Mit Infrastrukturprojekten sind bei der Senatsverwaltung für Umwelt, Verkehr und Klimaschutz die Referate Grundsatzangelegenheiten der Verkehrspolitik, Verkehrsentwicklungsplanung (IV A) und ÖPNV, gewerblicher Straßenpersonenverkehr, Kreuzungsrecht (IV C) befasst. Das Referat IV A betreut dabei die Durchführung der Grundlagenermittlungen und schafft eine Entscheidungsgrundlage für den Senat (HOAI- Leistungsphasen 0/1).  Das  Referat  IV C steuert nach Billigung durch den Senat die Vorplanung (HOAI-Leistungsphase 2) und unterstützt anschließend den Vorhabenträger (Infrastrukturbetreiber) bei Vorbereitung und Durchführung des Planfeststellungsverfahrens sowie der weiteren Schritte zur Umsetzung der Maßnahmen.

Das Referat  IV E führt die planrechtlichen Verfahren als zuständige Anhörungs- und Planfeststellungsbehörde durch und nimmt die bau-, betriebs- und genehmigungsrechtlichen Aufgaben der Technischen Aufsichtsbehörde wahr.

Frage 8:

Wie schätzt die Senatsverwaltung die geplanten und reellen Personalkapazitäten für die Umsetzung der Straßenbahnausbauplanungen gemäß Nahverkehrsplan ein?

Antwort zu 8:

Der Nahverkehrsplan gibt ein ambitioniertes Programm zum bedarfsgerechten Ausbau des ÖPNV vor. Es wird mit Nachdruck an der Umsetzung der Ziele gearbeitet. Da insbesondere Neubauprojekte auch von vielen externen Faktoren abhängig sind, kann keine abschließende Einschätzung einer verfügbaren im Vergleich zu einer optimalen Personalausstattung erfolgen. Hierbei ist jeweils zu prüfen, in wie weit es langfristig zielführend ist, temporäre Spitzen durch personellen Zuwachs abzufedern.

Frage 9:

Konnte seit der Information von Senatorin Günther im Ausschuss für Umwelt, Verkehr, Klimaschutz am 12.11.2020, wonach drei von sechs bis acht Stellen für die Straßenbahnplanung nicht besetzt seien, die Lage verbessert werden?

Frage 11:

Welche Maßnahmen unternimmt die Senatsverwaltung, um die Chancen zur Besetzung der vakanten Stellen zu verbessern?

Antwort zu 9 und 11:

Die Fragen 9 und 11 werden aufgrund des Sachzusammenhangs gemeinsam beantwortet.

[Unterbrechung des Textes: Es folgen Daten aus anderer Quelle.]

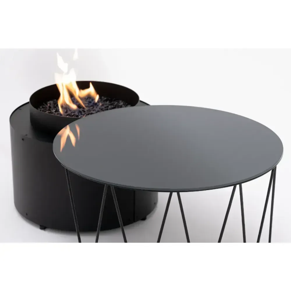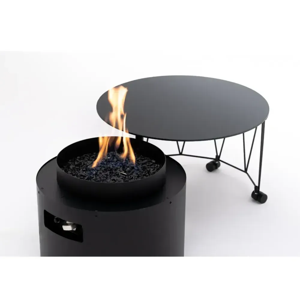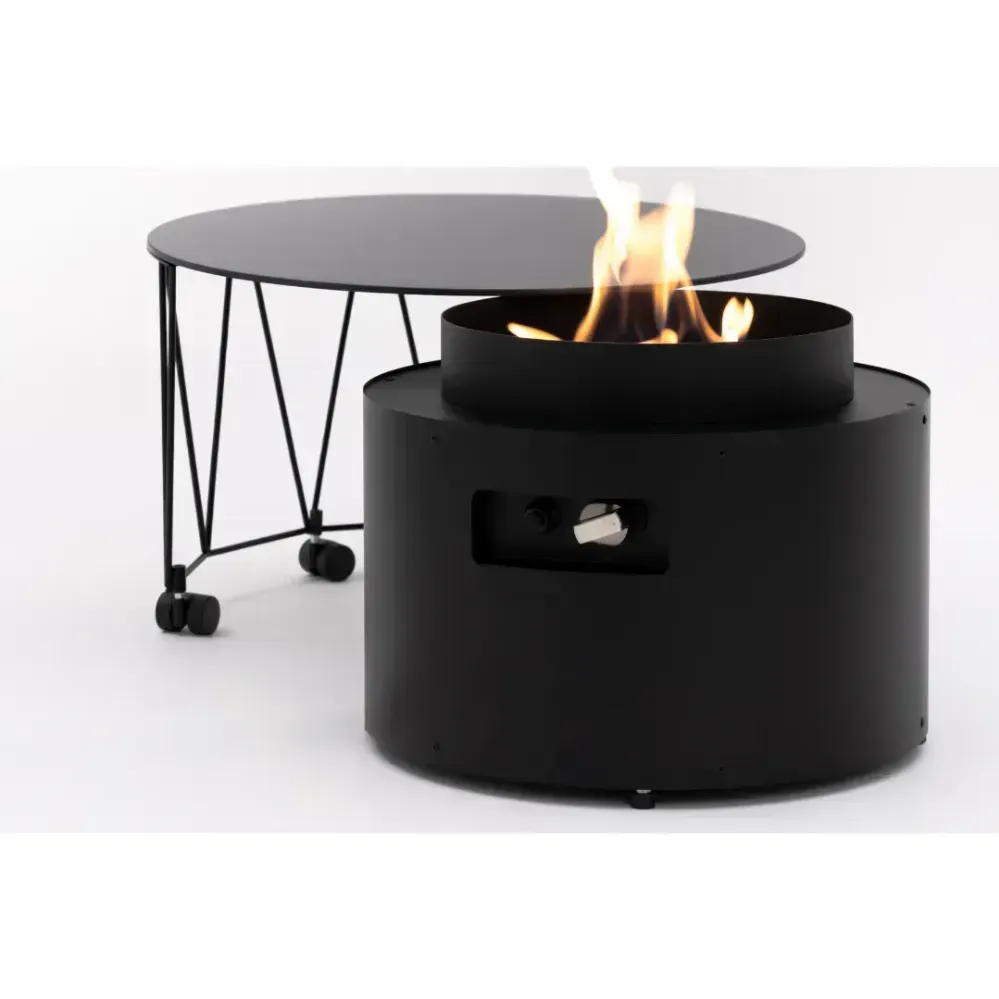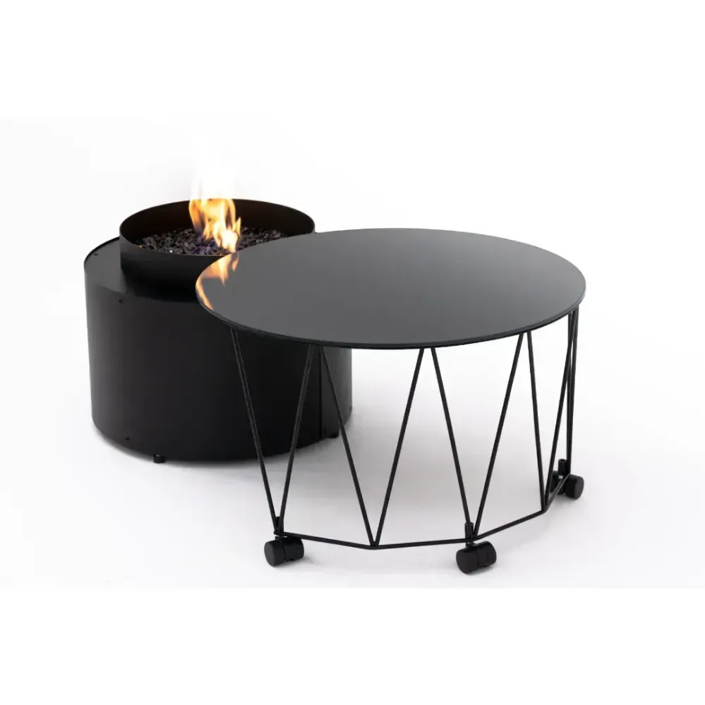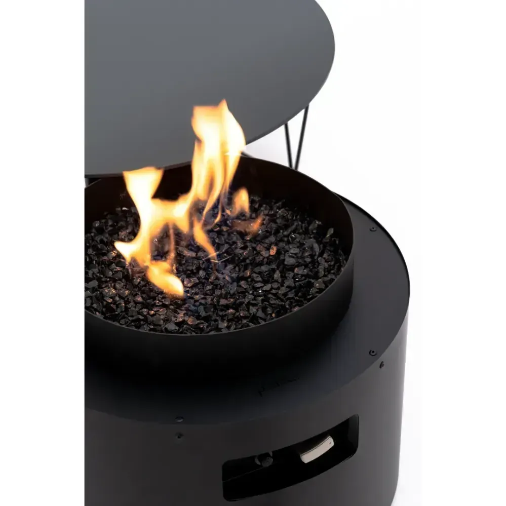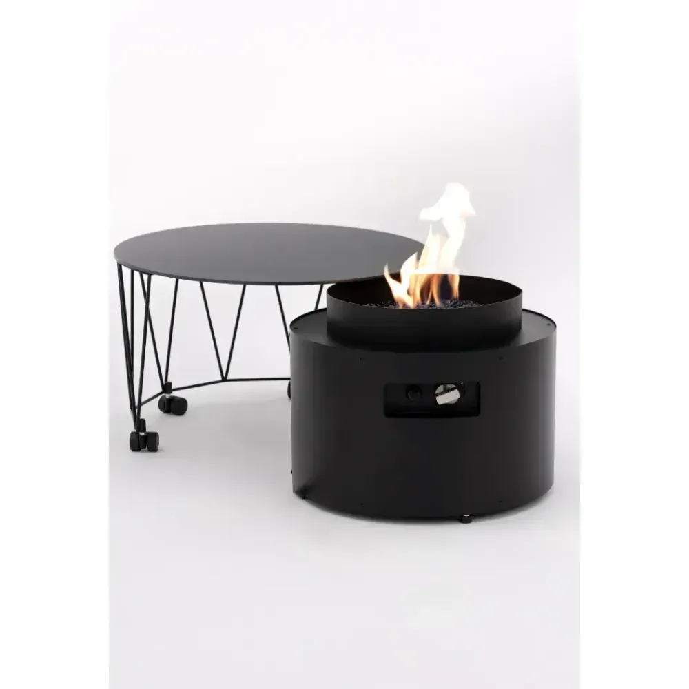 Fire Pit Table Drum to urządzenie, które zachwyca swoją wszechstronnością. To stylowe połączenie gazowego kominka i praktycznego stolika, doskonale nadające się do użytkowania na tarasie lub w ogrodzie. Kominek zasilany gazem, o mocy grzewczej w zakresie od 5 do 8,0 kW, zapewnia długie godziny komfortu cieplnego i wyjątkowego nastroju. Palenisko wypełnione jest dekoracyjnym grysem szklanym, który nadaje mu elegancji i sprawia, że staje się centralnym elementem każdego otoczenia.
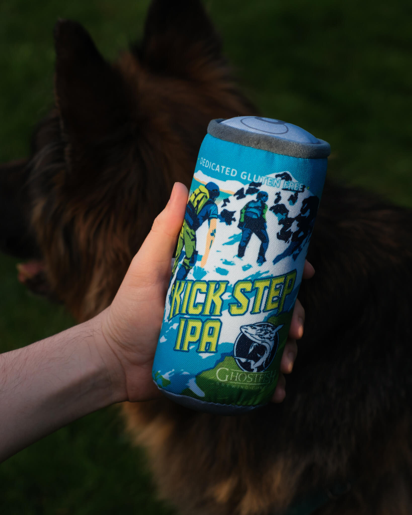 Our Kick Step IPA is a project with The Mountaineers. Ghostfish and The Mountaineers were both founded on the idea of transcending limits. We thrive on a spirit of wonder, a sense of adventure, and a commitment to the wild places of the Pacific Northwest. We’re powered by strong passionate communities who support our missions. Whether it’s distinctive craft beer made from high-quality, low-impact grains, or unique, life-changing experiences in the outdoors, we believe life is meant to be lived and lived well–no matter who you are. This is Kick Step IPA: a liquid representation of our shared value with The Mountaineers. What a better choice for your adventurous pup, than our Kick Step IPA Plush Dog Toy!
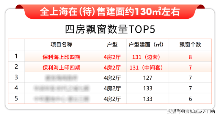 其中保利海上印四期待加推的建面约131㎡四开间朝南4房户型全部上榜,位列第五第六。
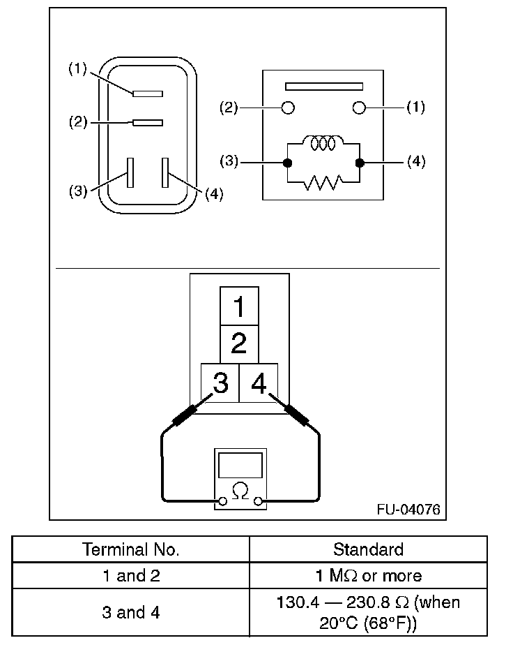 3. Connect battery positive terminal to terminal No. 3 and battery ground terminal to terminal No. 4, and measure the resistance between the main relay terminals.
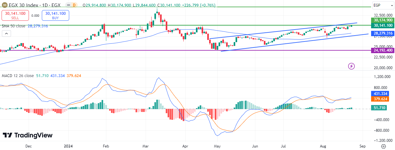 The Egyptian main index, EGX30, rose to 30,174 points yesterday, marking its highest level since March 18, 2024, before closing at 30,141 points. The index has also increased by about 25% since hitting its lowest point on May 1, 2024, when it recorded 24,192 points up until yesterday’s close. Based on this performance, the EGX30 index can be considered to be in a bull market.
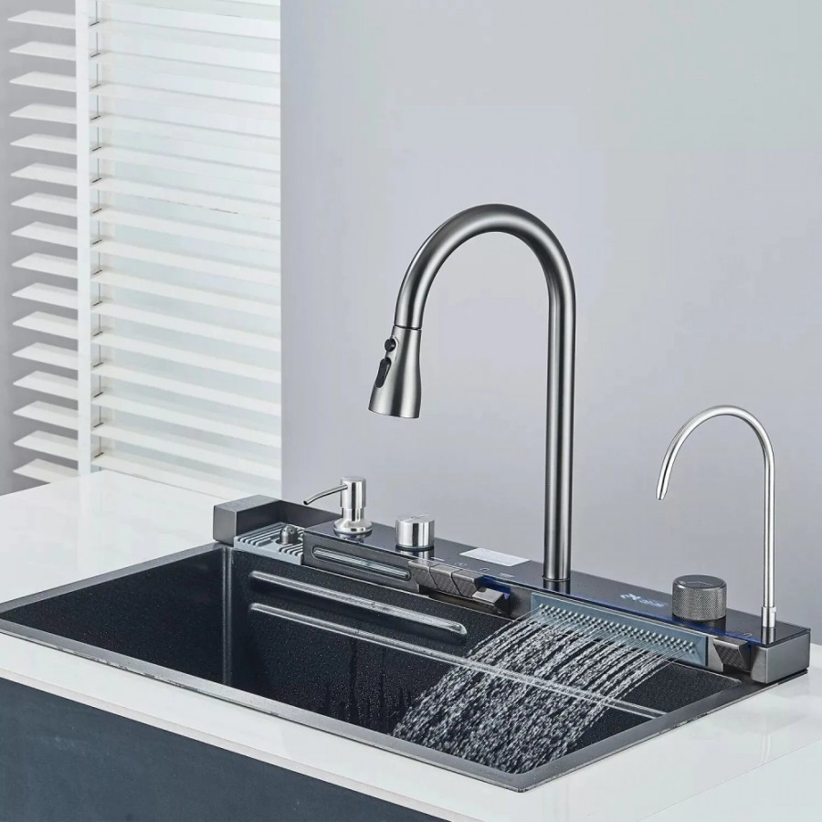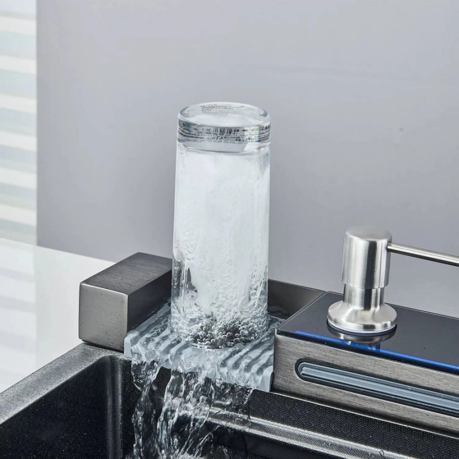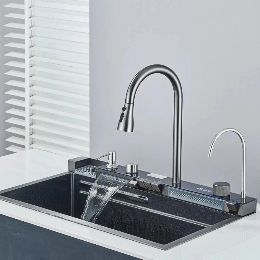 Transforma-ti bucataria intr-un spatiu modern si functional cu aceasta chiuveta multifunctionala premium. Echipata cu 2 cascade inovatoare, un afisaj digital precis al temperaturii si un robinet tip cascada elegant, aceasta chiuveta din otel inoxidabil de inalta calitate cu finisaj negru grafit adauga un plus de stil si eficienta oricarei bucatarii.

Im Bereich von IV C ist es kurzfristig gelungen die noch offenen Planerstellen zu besetzen. Nach derzeitiger Einschätzung ist davon auszugehen, dass sich die Personalsituation damit stabilisiert.

Frage 10:

Welche Straßenbahnplanungen mussten aufgrund der schwierigen Personalsituation um welchen Zeitraum verschoben werden?

Antwort zu 10:

Dem Zeitplan des ÖPNV-Bedarfsplans als Teil des Landesnahverkehrsplans Berlin 2019- 2023 folgend, wären im Jahr 2020 die Grundlagenuntersuchungen für die Straßenbahnverbindung UTR – Spandau sowie Johannisthal – Zwickauer Damm aufzunehmen gewesen.  Aufgrund der Gesamtlage – Personalsituation, Lockdown und Pandemie-bedingte reduzierte Leistungsfähigkeit, Einarbeitungsphase des neu eingestellten Personals – wurden diese Untersuchungen noch nicht begonnen. Der Beginn der Untersuchung ist für das Jahr 2021 avisiert.

Frage 12:

Welche Maßnahmen unternimmt die Senatsverwaltung zur Bindung des vorhandenen Personals?

Antwort zu 12:

Der Senat nutzt die ihm gemäß den Tarifverträgen des Landes Berlin zur Verfügung stehenden Möglichkeiten. Darüber hinaus bietet das Land Berlin als Arbeitgeber attraktive Vorteile für alle Beschäftigten. Familienfreundlichkeit äußert sich u.a. durch flexible Arbeitszeitmodelle. Betreuungsangebote, z. B. Eltern-Kind-Zimmer, aber auch Beratung in Krisensituationen, ermöglichen auch in schwierigen Lebensphasen eine gute Vereinbarkeit von Beruf und Familie.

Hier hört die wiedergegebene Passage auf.